In den vergangenen Tagen habe ich praktisch jede freie Minute an meinem Roman geschrieben und dabei festgestellt, dass mir das unglaublich viel Freude bereitet. Wie ein Spaziergang des Verstands. Oder einen Film zu drehen, wenn man der Regisseur ist. Ich entwerfe Szenen und stelle zwei Tage später fest, dass sie anders ablaufen müssen. Es ist wie Meditation und Handwerk in einem. Das Gefühl, nach vielen Jahren ein Hobby gefunden zu haben, das mich wirklich erfüllt, sorgt für sehr viel Ruhe in meinem Kopf.
Direkt morgen treffe ich mich mit einem guten Freund zum Wandern. Zwei Tage ohne Kontakt zur „Außenwelt“. Nur wandern und schweigen und wandern und Zeit teilen. Seit Monaten fiebere ich dem entgegen.
Spannend wird das Jahr für uns als Familie. Meine Frau wird nach 14 Jahren ihre Stelle als Pastorin aufgeben und sich etwas Zeit für eine Neuaufstellung nehmen. Diesen Prozess beobachte ich neugierig, weil es – na klar – ein Neuanfang ist. Unendliche Möglichkeiten. Weiter als Hochzeitsrednerin? Oder Fokus auf Beerdigungen? Vielleich auch als Coach/Therapeutin/Beraterin? Oder doch als Pastorin in eine andere Gemeinde?

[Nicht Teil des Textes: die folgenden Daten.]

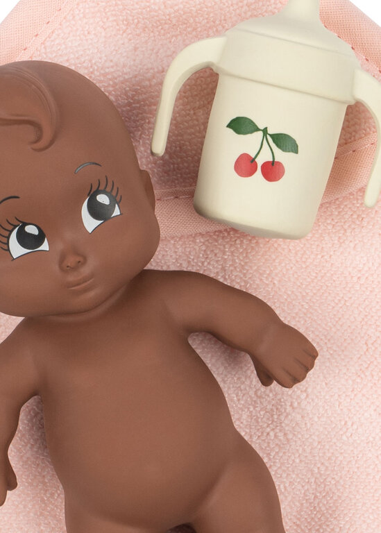 DOLL AND BOTTLE 100% NATUAL RUBBER CLOTH AND TOWEL 100% COTTON

Das wird spannend, aber ich befürchte jede Menge Notizzettel und Schnipsel auf meinem Schreibtisch.
berufliche Vorsätze im neuen Jahr
Beruflich habe ich nur einen einzigen Vorsatz: Gesund bleiben.
Die Arbeit in der Schulleitung macht mir unglaublich Spaß. Nach all den Jahren ist inzwischen soviel Routine eingekehrt, dass ich viele Dramen ohne beschleunigten Puls meistere. Die Belastung insgesamt wird durch mangelnde Lehrkräfte, steigende Schülerzahlen, schließende Schulen und weiterhin hohe Zuzüge von (sprachlosen) Flüchtlingskindern hoch bleiben, vermutlich steigen. Mein einziger Vorsatz: Gesund bleiben und den Kolleg*innen möglichst viel Unterstützung, Raum und Gestaltungsmöglichkeit zu geben, um auch gesund zu bleiben.
Ein schönes neues Jahr und viel Spaß beim Wandern! (Ich lese ja bereits davon.) Und: Aufschreiben hilft beim Erinnern. Aufräumen und wegwerfen sind schön, aber ich lege vorher externe Gedächtnisspeicher an.